D’ailleurs, comme le rappel le document 16, les réserves de « précaution » ont
parfaitement fonctionné au moment de la crise de 2007-2008 ;
- il est difficile de prouver la manipulation (document 4) ; en tout cas, aucun pays n’a
été pointé du doigt par le FMI ou l’OMC ;
2.2 Les politiques monétaires : un outil nécessaire de régulation conjoncturelle mais
un outil qui devrait être coordonné
Le point de départ du raisonnement est le document 12. L’idée est très simple : on ne peut pas
demander à la politique monétaire de ne pas avoir d’effet sur le taux de change car cela
revient à lui demander de ne pas avoir d’effet sur l’activité économique. Ce qui revient donc à
considérer qu’elle ne doit pas être utilisée. Il faut donc plutôt se demander comment limiter
les effets négatifs produit par une politique monétaire sur les taux de change des autres pays.
Cela signifie donc que les politiques monétaires doivent être coordonnées et que les Etats
doivent coopérer à minima pour éviter les représailles. Par le passé les Banques centrales ont
réussi à coopérer dans des situations de crise (document 14) par exemple en 1985/1987
Cet argument est développé par l’économiste française Agnès Bénassy-Quéré par exemple.
La politique monétaire doit rester un outil de politique macroéconomique conjoncturelle. Les
Etats n’ont pas à s’interdire de l’utiliser. Comment faire alors pour avoir autonomie de la
politique monétaire et peu d’effets externes négatifs ?
La réponse tient dans le développement de la coordination des politiques monétaires. C’est
d’ailleurs ce que l’on a observé au moment du choc de demande négatif de 2008 : toutes les
banques centrales ont agit en même temps pour inonder le marché de liquidité et maintenir
leur taux d’intérêt très bas.
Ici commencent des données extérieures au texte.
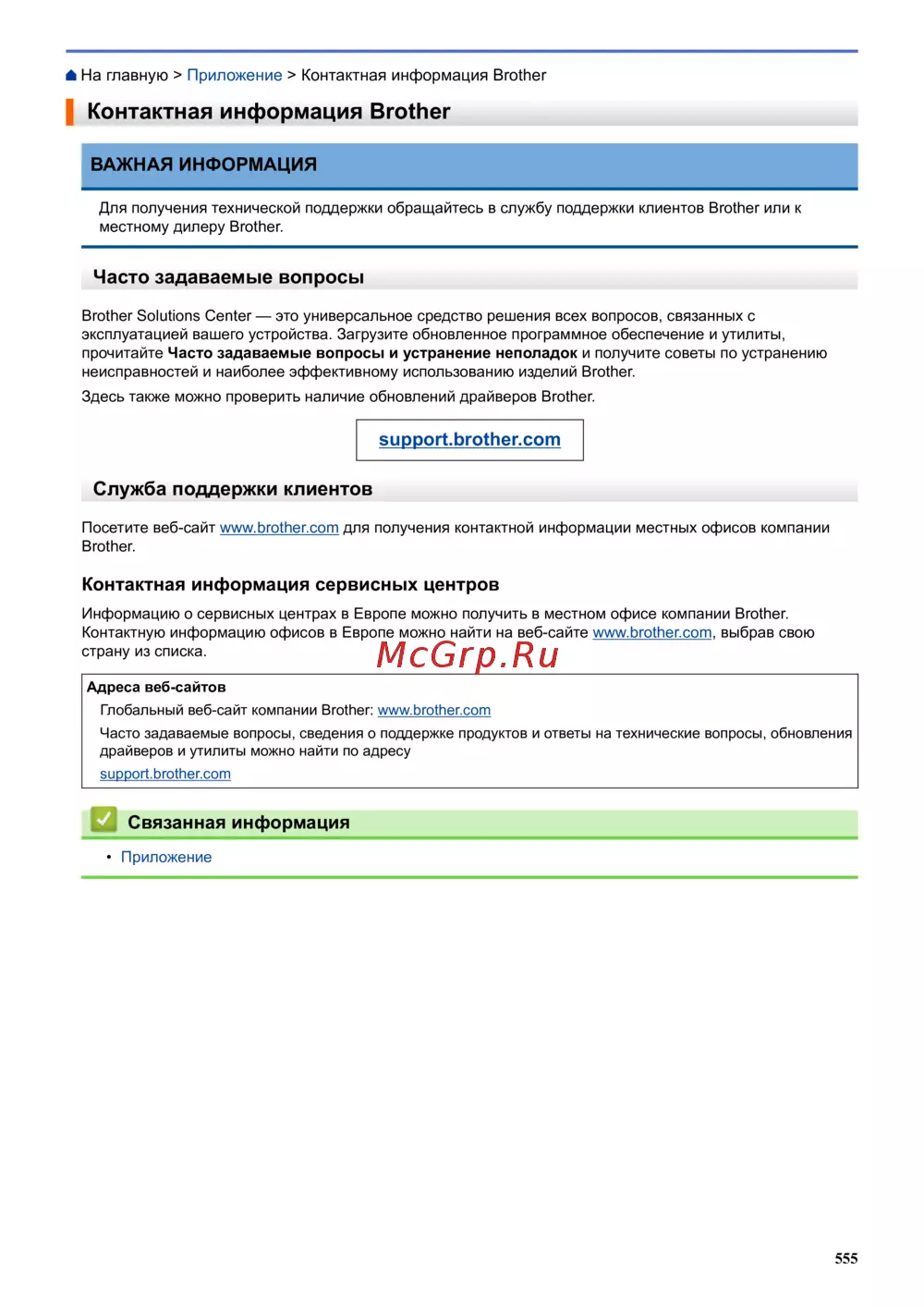 - Для загрузки последних обновлений драйверов перейдите на страницу файлы используемой модели на веб сайте brother solutions center по адресу support brother com и загрузите полный пакет драйверов и программного обеспечения p.558
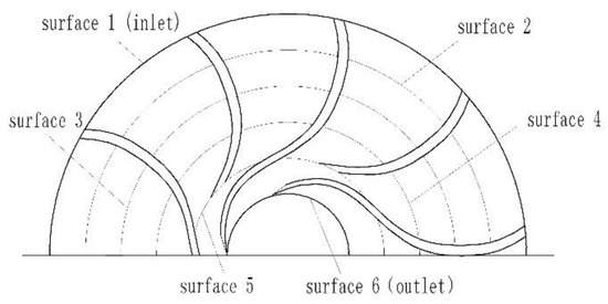 As the axial vortices were generated, power losses were raised inevitably. To study the power losses caused by vortices, the flow domain in the impeller was divided into six zones (Figure 16), and power losses of each zone were calculated.
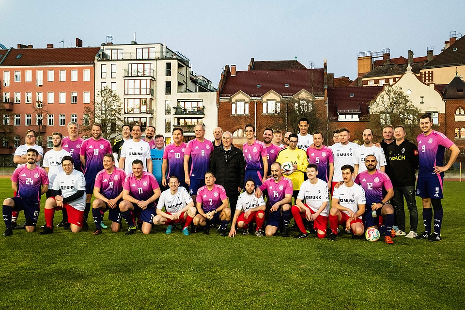 Nach einem 2:5-Rückstand zur Halbzeit startete das DRW in der zweiten Hälfte eine Aufholjagd. Trainer Manuel Mair, der sich zwischenzeitlich selbst eingewechselt hatte, verkürzte auf den Endstand von 4:6. Trotz der Niederlage überwog beim Team Dominikus-Ringeisen-Werk die Freude über die besondere Partie: „Wir haben ein intensives, aber jederzeit faires Spiel erlebt. Niemand wurde verletzt, das war eine coole Veranstaltung“, sagte Manuel Mair. Für den passenden Ausklang der Partie sorgte ein zünftiger Abend in der Bayerischen Vertretung.

Ce que certains ont appelé une guerre des monnaies était en fait
une réaction collective à un problème mondial.
Il existe néanmoins une autre solution plus radicale dont découlerait une réforme du SMI :
pour éviter une guerre des monnaies, il faut tout simplement substituer aux monnaies
domestiques qui sont « internationales » et manipulables (dollar, euro ou yuan dans le futur)
une monnaie internationale émise par une « banque centrale mondiale » qu’aucun pays ne
pourrait manipuler dans son intérêt. On retrouve ici le projet du bancor défendu par Keynes
lors de la conférence de Bretton Woods de 1944.